— Dataset excerpts —
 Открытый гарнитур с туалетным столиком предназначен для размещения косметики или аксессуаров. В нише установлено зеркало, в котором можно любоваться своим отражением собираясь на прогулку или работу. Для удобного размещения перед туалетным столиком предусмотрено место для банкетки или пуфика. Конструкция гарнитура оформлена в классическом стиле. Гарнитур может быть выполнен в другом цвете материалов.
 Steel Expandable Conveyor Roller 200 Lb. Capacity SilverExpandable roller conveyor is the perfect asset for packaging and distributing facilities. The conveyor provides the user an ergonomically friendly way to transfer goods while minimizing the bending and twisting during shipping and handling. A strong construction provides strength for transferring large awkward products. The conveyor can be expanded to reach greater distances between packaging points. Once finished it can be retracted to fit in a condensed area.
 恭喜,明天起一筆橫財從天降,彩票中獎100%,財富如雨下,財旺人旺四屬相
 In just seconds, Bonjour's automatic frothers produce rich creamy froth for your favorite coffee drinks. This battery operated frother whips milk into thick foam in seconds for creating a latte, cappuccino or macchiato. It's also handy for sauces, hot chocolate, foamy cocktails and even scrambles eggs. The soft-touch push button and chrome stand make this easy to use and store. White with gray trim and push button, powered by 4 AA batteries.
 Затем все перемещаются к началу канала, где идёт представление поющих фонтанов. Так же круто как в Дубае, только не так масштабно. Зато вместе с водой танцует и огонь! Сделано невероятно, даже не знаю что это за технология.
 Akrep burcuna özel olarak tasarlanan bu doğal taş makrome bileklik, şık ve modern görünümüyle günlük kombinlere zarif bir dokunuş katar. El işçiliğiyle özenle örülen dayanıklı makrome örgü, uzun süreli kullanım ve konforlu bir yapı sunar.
...
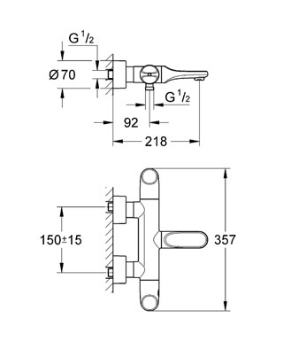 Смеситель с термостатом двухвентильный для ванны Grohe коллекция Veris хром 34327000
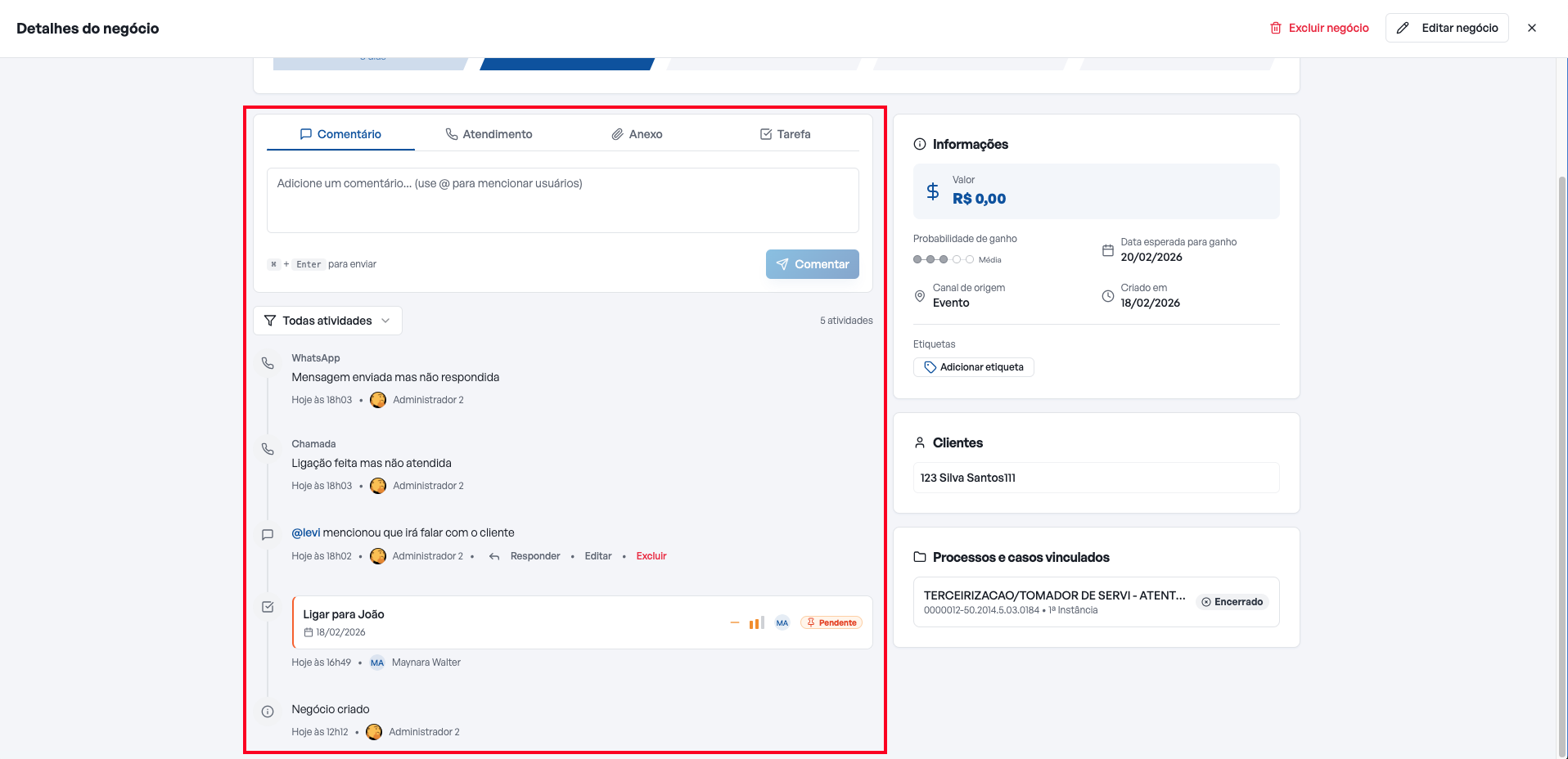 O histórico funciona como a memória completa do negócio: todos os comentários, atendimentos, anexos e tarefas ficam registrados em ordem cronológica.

— Instructions to follow —
Using the records above, copy word for word the line with "Затем все перемещаются", the line with "Akrep burcuna özel", and every line between them.

— Exercise response —
 Затем все перемещаются к началу канала, где идёт представление поющих фонтанов. Так же круто как в Дубае, только не так масштабно. Зато вместе с водой танцует и огонь! Сделано невероятно, даже не знаю что это за технология.
 Akrep burcuna özel olarak tasarlanan bu doğal taş makrome bileklik, şık ve modern görünümüyle günlük kombinlere zarif bir dokunuş katar. El işçiliğiyle özenle örülen dayanıklı makrome örgü, uzun süreli kullanım ve konforlu bir yapı sunar.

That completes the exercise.